On a monthly basis, the core PCE price index was up 0.4% last month, the U.S. Department of Commerce said on Friday. Although core inflation rose in line with economic projections, prices pressures for the year are at their highest level since 1991.

The core inflation strips out volatile food and energy prices and is the U.S. central bank's preferred inflation measure.

The gold market has been able to hold in neutral territory through what has been a busy morning for economic data. December gold futures last traded at $1,781.80 an ounce, down 0.12% on the day.

According to economists and market analysts, the rising inflation threat continues to support gold prices.

While core inflation rose in line with expectations, headline PCE appears to be running hotter than economists forecast, rising 5.0% for the year. Consensus forecasts were calling for a 4.6% increase.

Headline inflation is being driven by rising food and energy costs. The report said that energy goods and services increased 30.2% annually. Meanwhile, food prices are up 4.8% for the year.

With the in-line inflation data, markets appear to be reacting to more robust consumption data. The report highlighted stronger than expected income and spending levels.

Personal spending rose 1.3% in October, up from 0.6% in September. Economists were expecting to see a 1.0% rise. At the same time, personal income rose 0.5% last month, up from September's 1.0% drop. Economists were looking for a 0.2% increase.

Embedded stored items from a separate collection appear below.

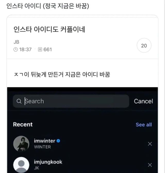 또 다른 누리꾼은 인스타그램 검색 기록을 캡처한 이미지를 공개하며 "인스타 아이디도 커플이네"라고 주장했다. 해당 이미지에는 'imwinter'와 'imjungkook'이라는 계정이 최근 검색 목록에 함께 표시돼 있었다.
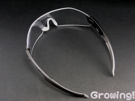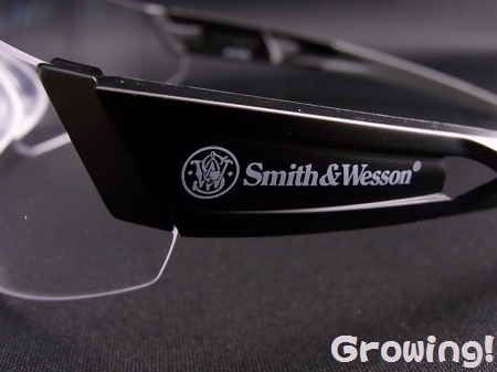 シリコン製のノーズパッド、テンプルと耳の部分はソフトラバーを使用しており、頭にしっかりフィットするようになっています。又 フレーム上部には「Smith&Wesson」のロゴが入っています。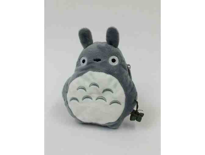 Fans of Totoro will love this plush zippered Totoro pouch with a clip to attach to the zipper pull of a backpack or other item. Measures approximately 5" tall.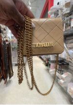 A stylish quilted crossbody bag with a gold chain strap and a prominent brand logo.
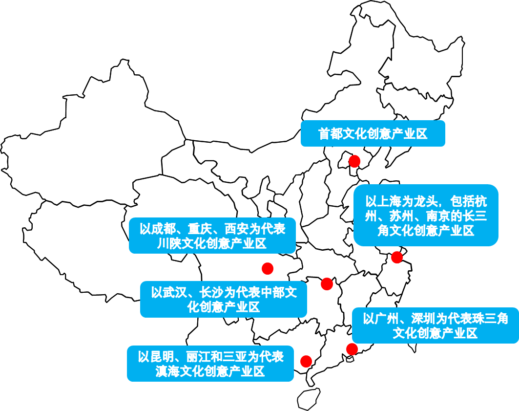 图3-7:我国文化创意产业集聚分布情况 资料来源:公开资料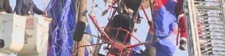 O Papai Noel ficou cerca de uma hora preso nos fios elétricos e foi encaminhado ao hospital.
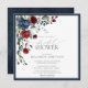 Convite Marinho Azul Borgonha Floral Chá de panela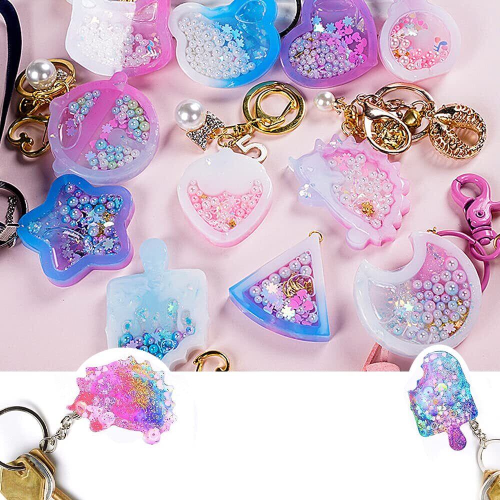 シリコンモールド 流れ砂型 12個セット PPシート3枚付き レジン型 シェイカーモールド ハート ソフトモールド 中身がシャカシャカ動く DIY手作り かわいい ペンダント アクセサリー キーホルダー レジン モールド 装飾 再利用可能
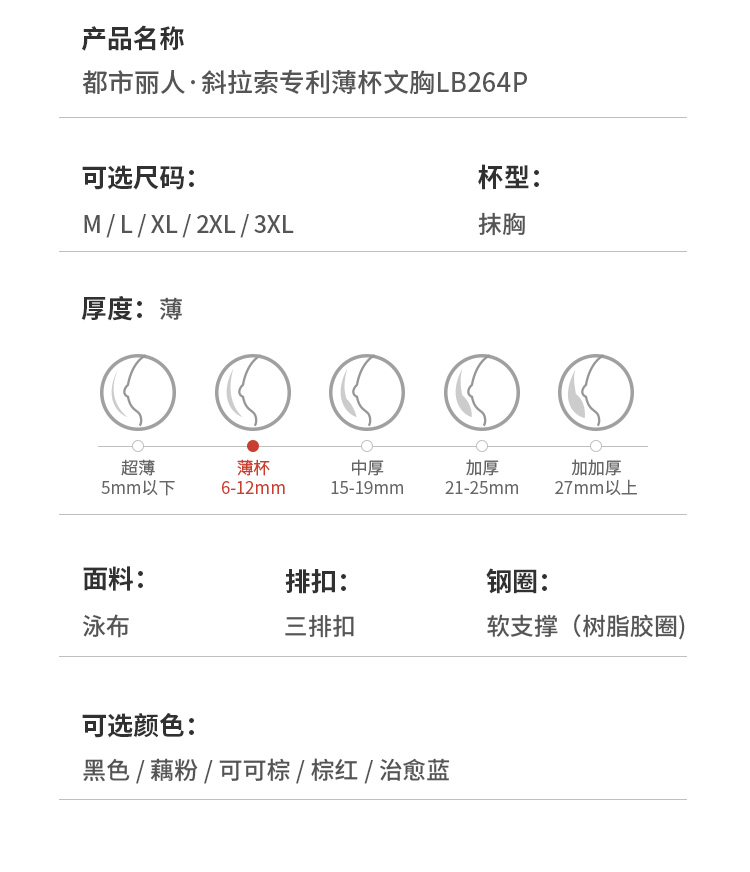 都市丽人内衣薄泳布四排扣无钢圈抹胸VBRALB264P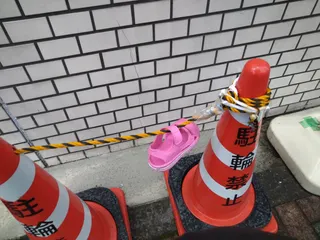 なぜそこに付ける 落とし物の子どもの履物を、誰かがわざわざマジックテープを外して、ロープに付けなおしていました。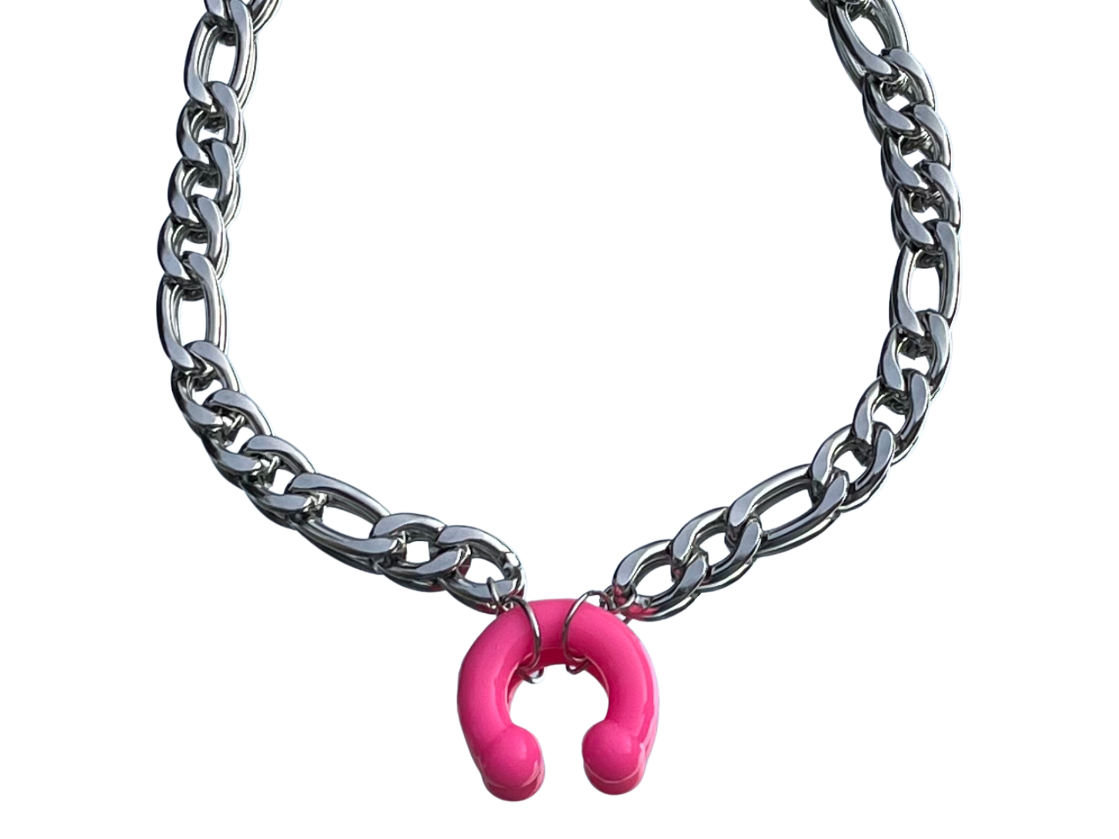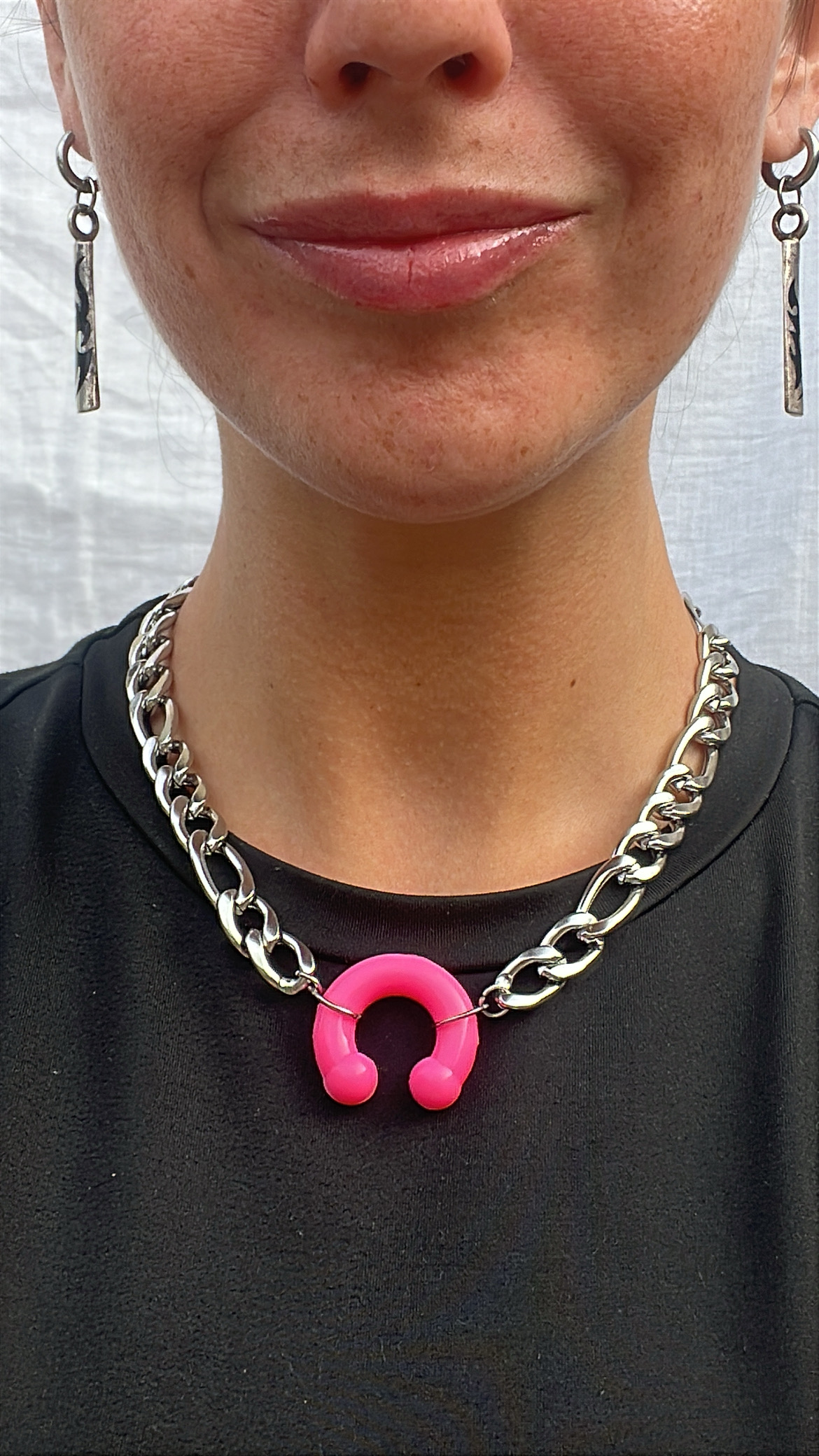 Collier en acier inoxydable argenté, assemblé par un piercing type fer à cheval en silicone rose fuchsia. Pièce unique et résistante à l’eau.

Economists noted that the income and spending growth bode well for economic activity heading into the year-end.

"While the outlook for spending on services ahead is clouded by the uptrend in new Covid cases lately, the fourth quarter is off to a stronger start than expected," said Katherine Judge, senior economist at CIBC.

Some economists have said that the latest inflation numbers could force the Federal Reserve to tighten interest rates faster than they anticipated. Markets are already pricing in the first-rate hike for June. The potential for higher interest rates will continue to weigh on gold.